Thomas Jefferson wrote that laws and justice should be “construed by the ordinary rules of common sense.” This wasn’t reflected in last week’s headlines.

I read of a Utah man who embezzled more than $1 million from two of his employers by fraudulently selling shares of corporate stock. He had been ordered by a judge to pay the money back (good luck with that!) and had received a stern and stiff penalty – one whole year in a federal prison. (Gee, I know men who served five times that long for selling a few joints to an undercover cop.)

Then I read of a Salt Lake man arrested for allegedly attacking an 18-year-old woman in the locker room in a college gym. Police knew the guy fairly well; he had a long record of drug and firearms violations and protective order/harassment infringement.

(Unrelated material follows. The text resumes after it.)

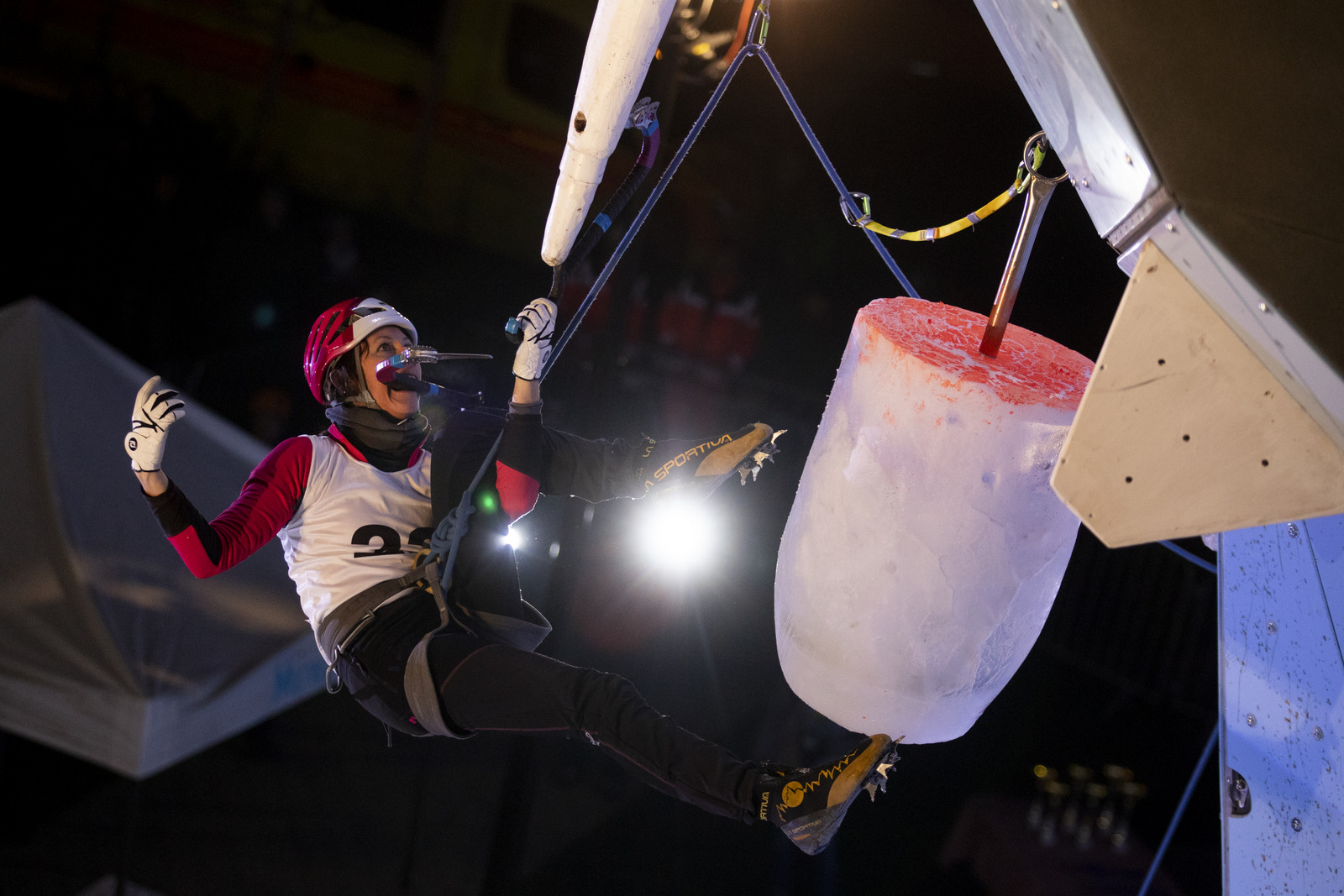 V ženski konkurenci se je v za gledalce zelo atraktivni smeri najbolje znašla Švicarka Sina Goetz, ki se je s cepinom dotaknila vrha finalne smeri in za sabo pustila drugouvrščeno rojakinjo Vivien Labarile, tretja pa je bila Francozinja Marion Thomas. Tik pod stopničkami je domžalsko tekmo končala Slovenka Maja Šuštar (AO Domžale), ki jo je na poti proti vrhu ustavil nerešljivi rebus premikajočih se ledenega sodčka in lesene ledene sveče. "Letos je bila konkurenca malce manj ostra, pogrešali smo nekaj lanskih finalistk EP z zmagovalko Angeliko Rainer, tako da uvrstitev v finale ni bila tako zahtevna, kot je bil težaven naskok na stopničke, kar pa mi ni uspelo, to ostane za drugo leto. Težavni del je bil prehod čez ledena sodčka, ob ogledu smeri sem mislila, da bom s prvega soda napredovala na oprimek, ko sem bila tam, pa sem ugotovila, da ne bo šlo. Odločila sem se za improvizacijo, ki pa je nisem imela izdelane v glavi in ni šlo naprej. Z današnjim nastopom sem zadovoljna z vidika, da sem dala od sebe res vse, napredek opažam predvsem na tehnični ravni, bi pa lahko izboljšala še kondicijsko pripravo, a imam širok spekter dejavnosti, zanimajo me še športno plezanje in hribi, kar kombiniram še s službo in družinskim življenjem," je ocenila plezalka iz Tuhinjske doline, v Domžalah zmagovalka sklepne tekme 6. slovensko-hrvaško-srbskega pokala in že drugo leto zapored skupna zmagovalka v balkanski konkurenci: "Dekleta znotraj SHS-pokala so zelo napredovala, z mojo glavno tekmico Katarino Manovski iz Srbije sva imeli letos zelo izenačene boje, kar je dobra motivacija tudi za naprej."

Since this jewel was only 33 years old when arrested for the sexual assault, the law apparently has had a difficult time keeping him off the streets.

A short time in the slammer…Yes, sometimes justice can be a mere feather. Then, at other times, it can be a mean and hard-fisted hammer.

Take the case of Betty Ramos Castro. She came to Utah from Colombia some 25 years ago with the intent of getting married to a U.S. citizen. The marriage never took place, and, due to conflicting information about the citizenship process, she never became a citizen. In the harsh light of the law, the woman had overstayed her temporary visa by more than 25 years.

And what had she done during these 25 years? Oh, she hadn’t embezzled money from investors or engaged in drug-dealing or criminal stalking. Instead she held a steady job, paid her taxes, cared for a disabled son (an 18-year-old with cerebral palsy), and helped out her 86-year-old mother (a legal resident of the country).

Yet the federal government got its pound of flesh last week. She was hustled on an airplane and deported.

We can argue about the broken immigration policy. However, the majority of Americans approved of Pres. Obama’s executive order turning a sympathetic eye on working tax-paying “illegals” while focusing on deporting criminal elements. As Jefferson would have said, this makes total sense. Much of our economy depends on foreign workers but the “legal process” is too slow in allowing them entry. At the same time, our sense of morality should bring sympathy for those in Central America fleeing violence and poverty. The Pope understands this and so does the LDS Church.

Personally I (and I wager you, too,) would rather live next to Betty Castro than the sexual predator or the man bilking his neighbors through fraudulent stock deals. But despite a rallying cry from supporters like Mormon Women for Ethical Government, Betty received an injustice, not justice, while immigration authorities can only pat themselves on the back for breaking up a family (and probably passing expensive medical costs to the taxpayers).

One of the organizers of Mormon Women for Ethical Government said the deportation “goes against everything that is moral and humane and ethical in our nation.” Thomas Jefferson couldn’t have said it better himself.